=== WHAT THE TASK REQUIRES ===
When you copy from the entries that follow, take only the lines from the one with "这个问题究竟算不算 BUG 呢?在" down to the one with "with animals, some", keeping both ends and dropping every picture.
====== DATASET RECORDS
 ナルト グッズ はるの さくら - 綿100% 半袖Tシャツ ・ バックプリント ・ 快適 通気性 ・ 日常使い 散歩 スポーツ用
============
====== DATASET RECORDS
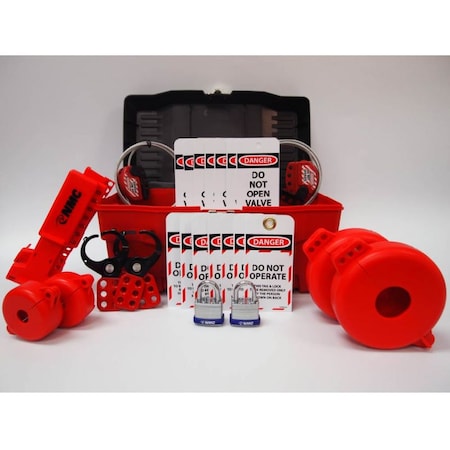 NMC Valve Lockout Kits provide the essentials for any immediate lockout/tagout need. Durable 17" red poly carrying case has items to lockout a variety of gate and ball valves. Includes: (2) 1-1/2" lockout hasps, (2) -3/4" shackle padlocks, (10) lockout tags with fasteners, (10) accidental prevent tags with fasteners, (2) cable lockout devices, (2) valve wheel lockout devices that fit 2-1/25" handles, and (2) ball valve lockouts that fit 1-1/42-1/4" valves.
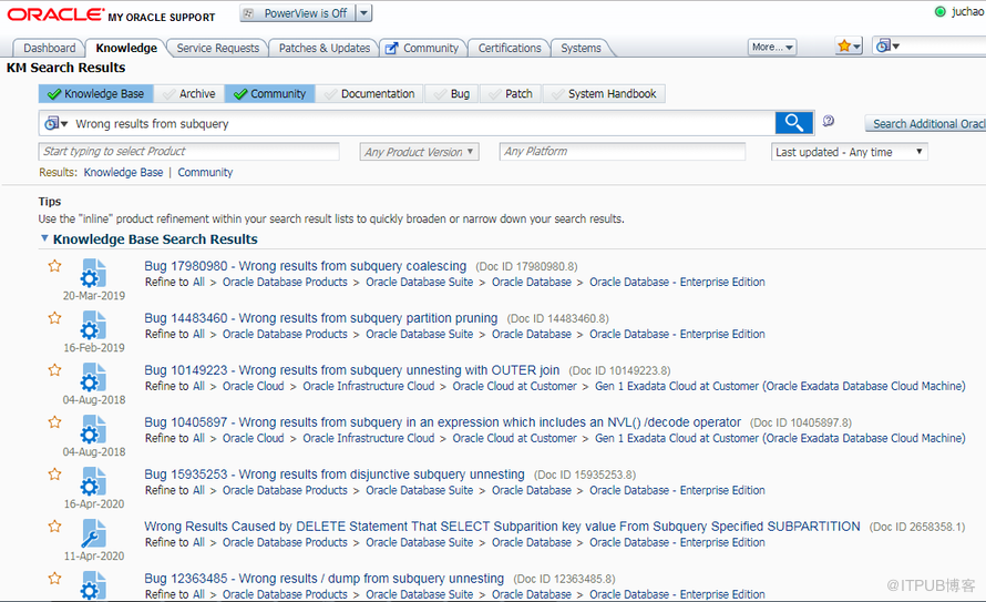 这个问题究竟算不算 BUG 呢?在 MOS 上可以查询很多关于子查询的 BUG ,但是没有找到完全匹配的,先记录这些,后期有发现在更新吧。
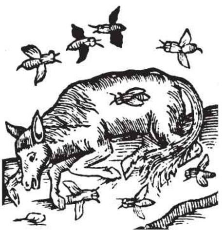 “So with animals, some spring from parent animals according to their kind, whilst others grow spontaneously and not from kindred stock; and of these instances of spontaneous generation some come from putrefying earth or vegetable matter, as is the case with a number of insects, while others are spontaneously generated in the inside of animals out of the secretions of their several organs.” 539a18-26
============
====== DATASET RECORDS
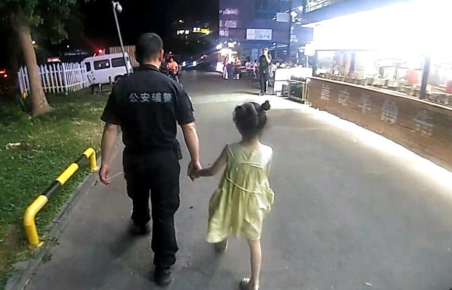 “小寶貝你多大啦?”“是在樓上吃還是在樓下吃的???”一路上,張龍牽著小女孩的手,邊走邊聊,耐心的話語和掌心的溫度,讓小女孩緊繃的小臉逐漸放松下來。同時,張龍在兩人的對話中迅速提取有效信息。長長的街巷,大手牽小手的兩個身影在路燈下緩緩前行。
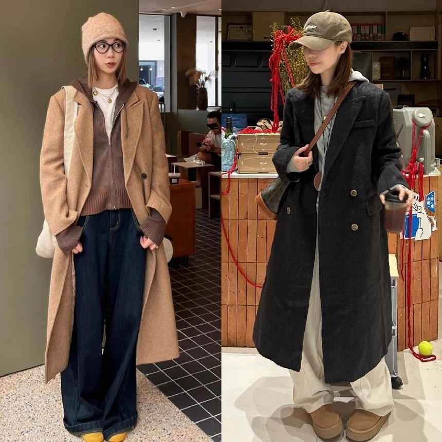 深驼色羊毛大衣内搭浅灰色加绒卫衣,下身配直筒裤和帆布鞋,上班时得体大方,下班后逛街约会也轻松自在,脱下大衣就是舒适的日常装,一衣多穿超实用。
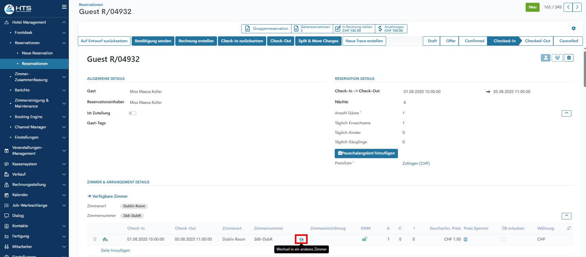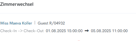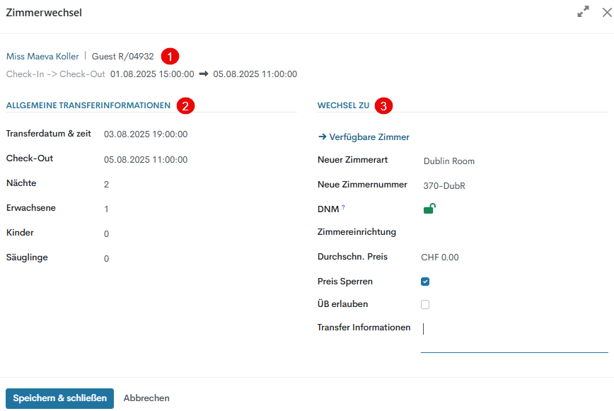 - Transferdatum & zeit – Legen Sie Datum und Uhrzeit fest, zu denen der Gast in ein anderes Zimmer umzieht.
============
=== EXERCISE OUTPUT ===
 这个问题究竟算不算 BUG 呢?在 MOS 上可以查询很多关于子查询的 BUG ,但是没有找到完全匹配的,先记录这些,后期有发现在更新吧。
 “So with animals, some spring from parent animals according to their kind, whilst others grow spontaneously and not from kindred stock; and of these instances of spontaneous generation some come from putrefying earth or vegetable matter, as is the case with a number of insects, while others are spontaneously generated in the inside of animals out of the secretions of their several organs.” 539a18-26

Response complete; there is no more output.